Your goal = Excluding every picture, print exactly the lines from the one containing "I made the brown" through the end of the material below, both ends included.

──────── Records shown ────────

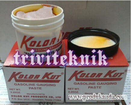 KOLOR KUT GASOLINE GAUGING PASTE/Pasta Minyak adalah sebuah produk dengan tingkat indikator paling efektif yang digunakan untuk mendeteksi ketinggian atau kadar cairan minyak/petroleum. Produk ini berwarna merah muda terang dan seketika akan berubah menjadi merah jika terjadi kontak dengan bensin, minyak diesel, naphtha, minyak tanah, minyak mentah, bahan bakar jet, dan hidrokarbon lainnya.
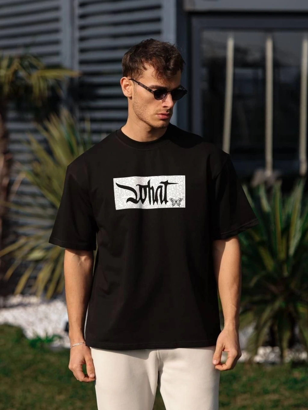 Erkek Asit Yıkama Bisiklet Yaka Kısa Kollu Oversize T-Shirt Tişört - Siyah
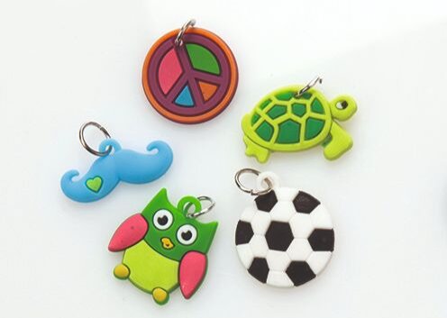 Přívěsky Rubber Loops se zábavnými dětskými motivy pro doplnění gumiček Rubber Loops nebo k dekoraci oděvů.
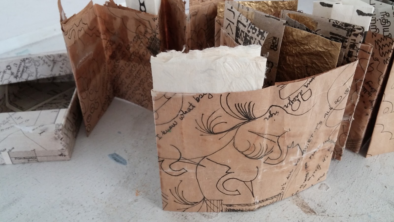 I made the brown paper bag into a concertina with pockets on the bottom.
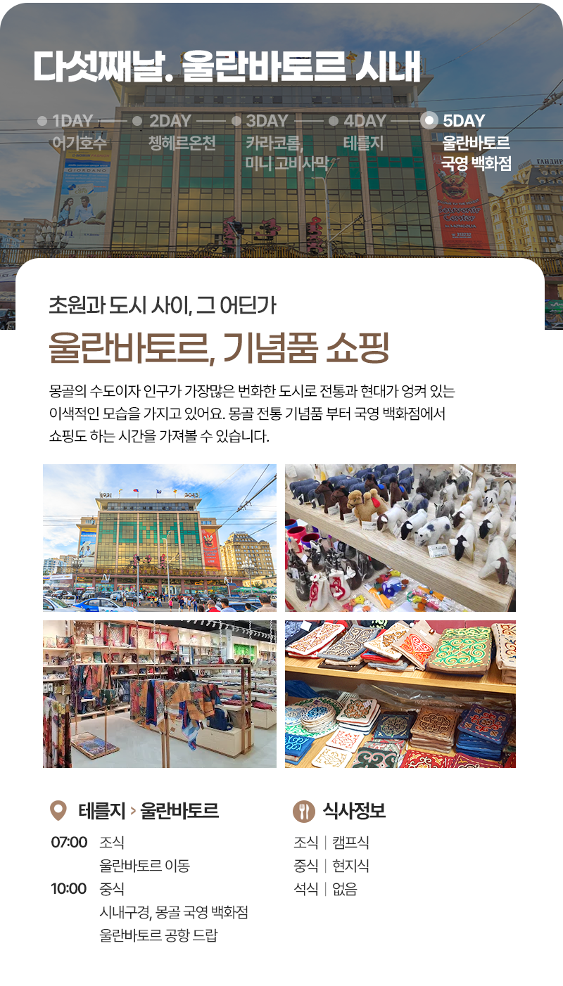 조식(07:00) → 울란바토르로 이동 → 중식(현지식) → 시내관광, 몽골 국영 백화점 → 울란바토르 국제공항 드랍 → 한국도착
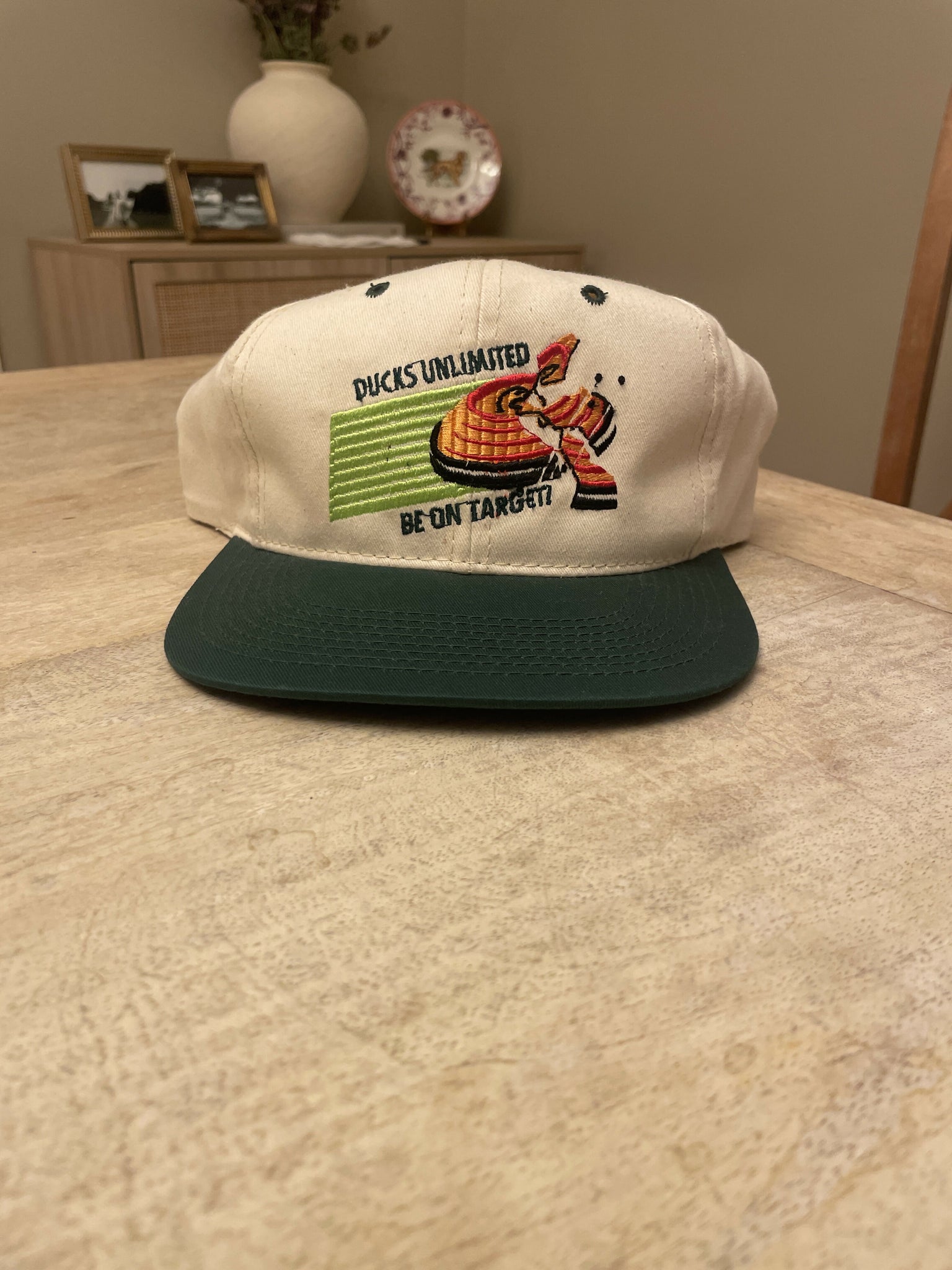Green/White vintage DU “BE ON TARGET!” clays Snap back. Looks like it has never been worn.

────────

Task output =
 I made the brown paper bag into a concertina with pockets on the bottom.
 조식(07:00) → 울란바토르로 이동 → 중식(현지식) → 시내관광, 몽골 국영 백화점 → 울란바토르 국제공항 드랍 → 한국도착
Green/White vintage DU “BE ON TARGET!” clays Snap back. Looks like it has never been worn.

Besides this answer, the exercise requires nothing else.